• SUPPLIED RECORDS
* * * *
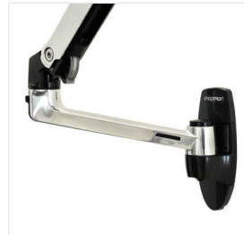
LA EXTENSIÓN LX INCREMENTA EL ALCANCE DE 23 CM. BLANCO (45-289-216) ALUMINIO PULIDO (45-289-026) NEGRO (45-289-224)
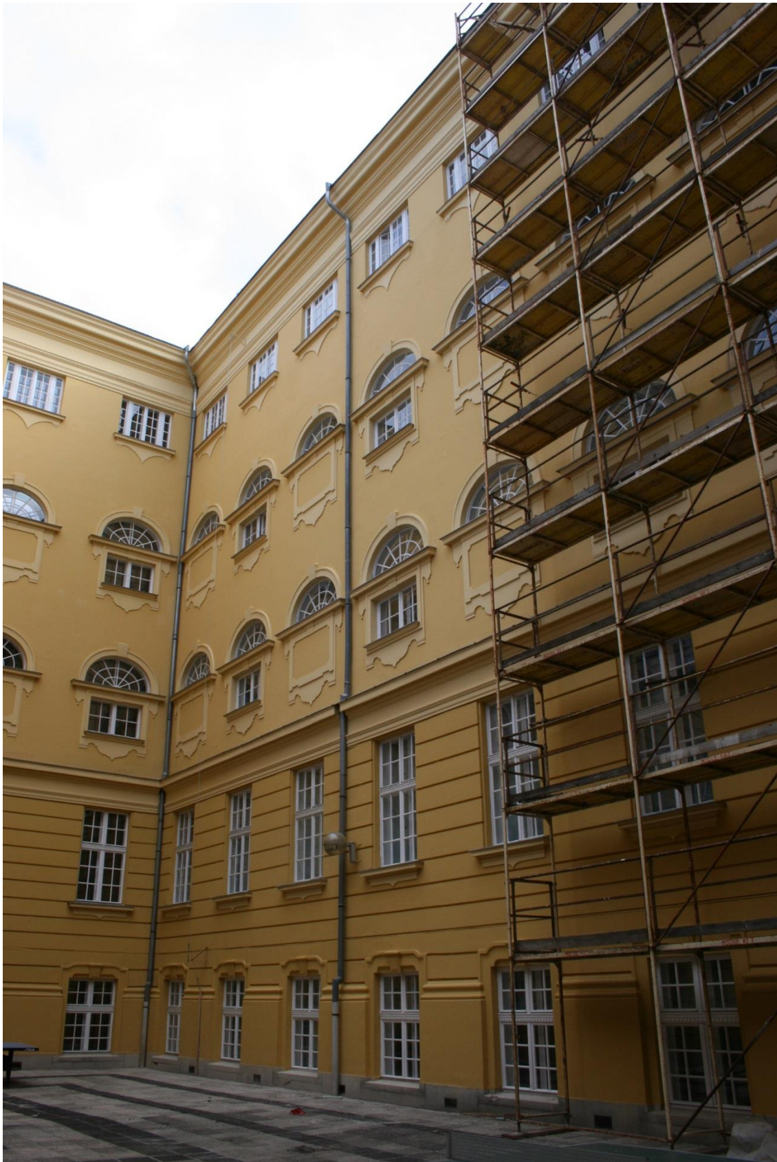
Már elkészült, megújult falszakasz
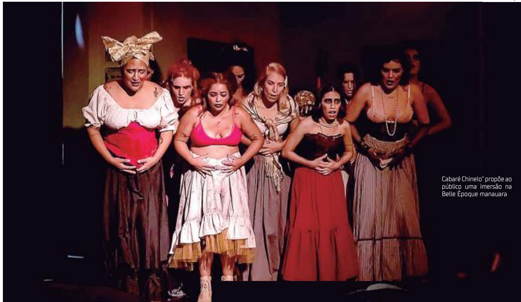
"Cabaré Chinelo" propõe ao público uma imersão na Belle Époque manauara
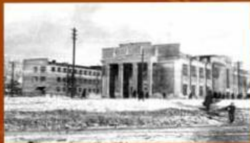
Фабрика-кухня ГВРЗ им. Рудзутака. Омск. 1942
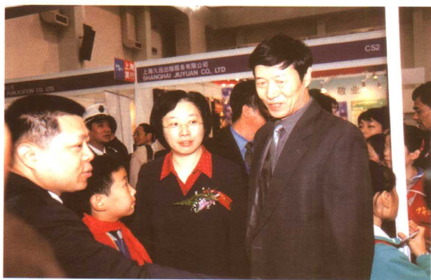
2003中国（上海）传媒业博览会上，向市委副书记殷一璀，市委常委、宣传部长王仲伟介绍上海教育报刊总社发展情况。
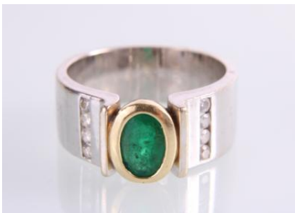
Gold/Weißgold 585, Smaragd ca. 0,5 ct, RW 55, 8,1 g, Smaragd lockerøg8
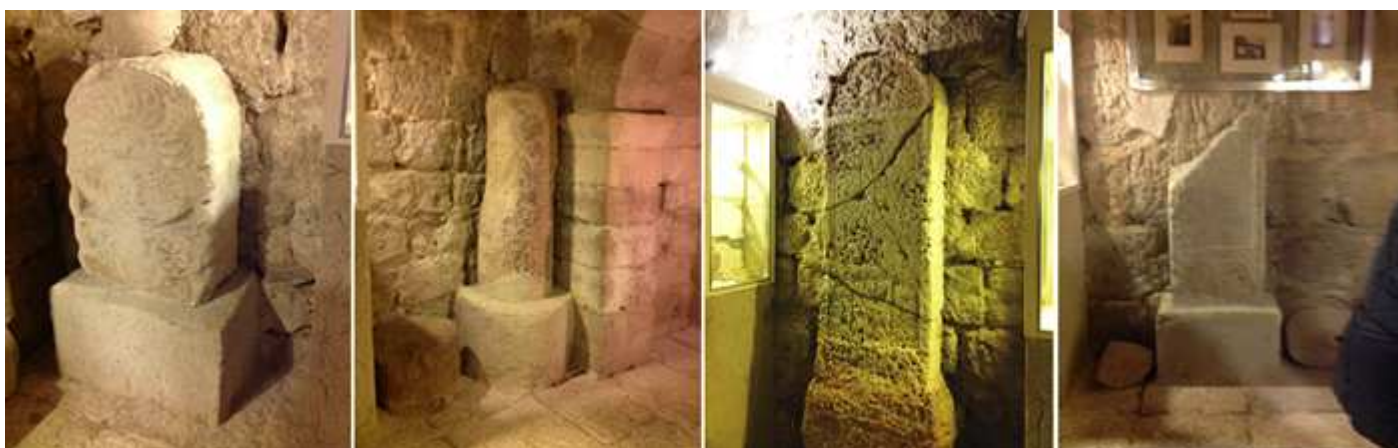
❶ Estela discoidal con un disco solar con radios dextrógiros, bajo el disco su vástago recto muy corto (posible fragmentado) en su frontal, a los lados dos rosáceas de seis pétalos. ❷ Miliario. ❸ Estela de gran tamaño fragmentada en el arco superior dispone de una rosácea de seis pétalos, y en el espacio central una inscripción muy deteriorada, parece ser piedra ostionera. ❹ Estela con su parte superior fragmentada con una inscripción orlada con un cordón en su parte central y en la inferior. Dos arquillos de medio p.

En la sala de la época romana con restos arqueológicos de la necrópolis romana de Palencia Palantia , en una de sus vitrinas.
* * * *
• TASK REQUIREMENTS
Your task is to copy only the lines above starting at the one containing "Фабрика-кухня ГВРЗ им. Рудзутака. Омск. 1942" and ending at the one containing "Gold/Weißgold 585, Smaragd". Copy them exactly, both ends included, and omit the pictures.

• ANSWER SECTION
Фабрика-кухня ГВРЗ им. Рудзутака. Омск. 1942
2003中国（上海）传媒业博览会上，向市委副书记殷一璀，市委常委、宣传部长王仲伟介绍上海教育报刊总社发展情况。
Gold/Weißgold 585, Smaragd ca. 0,5 ct, RW 55, 8,1 g, Smaragd lockerøg8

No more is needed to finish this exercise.